The superintendents have started to hire new staffers, including instructional experts to help evaluate the 60 or so schools that some superintendents oversee. They have also started to host district-wide meetings, which all but disappeared under the network system. While the meetings vary by superintendent, some principals have complained about ones held during the school day, where some say they have sat through talks by curriculum vendors and, in one case, Miss New York.
“I can’t speak enough to the lack of quality or purpose” at those meetings, one principal said.
Principals who value their networks worry that the rise of superintendents may signal the decline of networks.
To those principals, the network system empowered them to choose the type of support they wanted from experts who, unlike superintendents, would not also evaluate them. They also enabled school leaders in the same network to interact with like-minded colleagues outside their geographic districts. One principal in a high-needs Brooklyn district said she not only gets advice from her counterparts who lead successful schools in better-off districts, but also receives donated books and furniture from them.

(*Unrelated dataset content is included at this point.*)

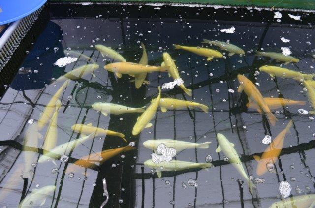 Die Spiele mögen beginnen… Als wir die Tür öffneten wusste ich sofort warum dies mein Lieblingsplatz für Selektionen ist. Mehr als 200 Koi mit einer Größe von 70-95cm in hervorragenden Qualitäten. Wir begannen mit der Selektion und schnell waren 6 Doitsu Karashi zwischen 75-80cm die usneren, alle 3 ½ Jahre alt. Die Karashi hatten unglaubliche Bodys und eine hervorragende Hautqualität. Zusätzlich selektierten wir noch einige HQ Sansai zwischen 70-78cm, darunter 2 Shiro Utsuri, Benigoi, Ginrin Karashi etc… Ich verhandelte mit Yoshiuki die Preise und so wurden wir uns schnell einig über die ersten 10 Sansai Biggies.

“I’ve gotten an immense amount of support from other principals in my network,” the school leader said.
Predictably, some network officials are upset by the changes.
Some say that principals are now receiving dueling messages from networks and superintendents about how to run their schools, but that the school leaders feel compelled to defer to the will of their bosses, the superintendents. They also say that network staffers are starting to consider new jobs.

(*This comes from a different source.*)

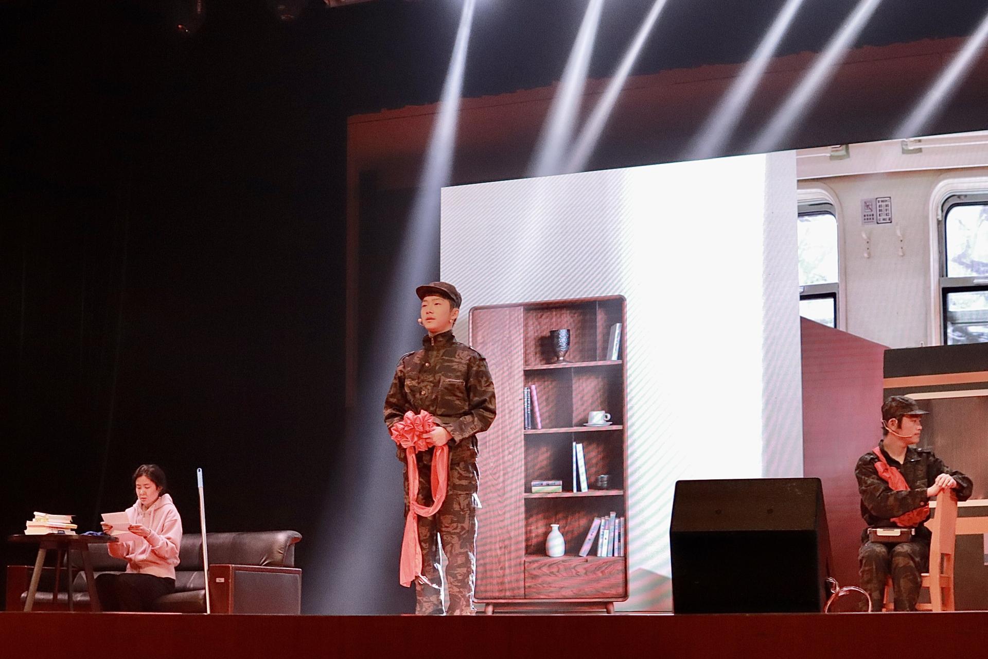 整场比赛精彩绝伦,八支队伍花样创新,为全场观众呈现了一场精美的视听盛宴。公司的《边关情》由“咚咚”的敲门声叩响,观众的目光跟随场景从教室到边关,观众的心绪跟随剧情从紧张到感动。紧扣实事、内容饱满,短剧讲述了立志驻守边关、起初不受母亲支持的小夏与同为新兵的小张在火车上结识、在军营中相知、在战场上共同战斗,而后小夏光荣牺牲、夏母理解支持,小张深受触动,放弃调任、坚守边关的故事。短剧的最后一段,小张归队升旗,在威严的国歌声中、在肃穆的军礼下,灼灼的爱国之情在边关升起。灯光渐渐暗淡,台下掌声雷动。《边关情》紧扣“爱国”的主题,展现了战友之情、家国情怀。

“There are a number of people on network teams who are being recruited to central jobs,” one network leader said, referring to positions within the city education department. “There are other people who are actively looking.”
Of course, the network system’s many critics — including some state officials and union leaders — have called for an overhaul since before Fariña was appointed.
They argue that some networks are spread too thin trying to assist schools in multiple boroughs, while others let struggling schools limp along without extra help. Others say the system leaves principals without clear supervisors and parents without officials they can appeal to.
Genevieve Stanislaus, principal of Life Sciences Secondary School in the Upper East Side, said the network system is “too scattered,” adding it can keep principals in the same neighborhood who are in different networks from collaborating. During her 34 years working in the school system, the most help she ever received was from her one-time superintendent, she said.
“He knew every one of his 41 schools, and his deputy visited even more often,” she said. “They were always there to support you and assist you.”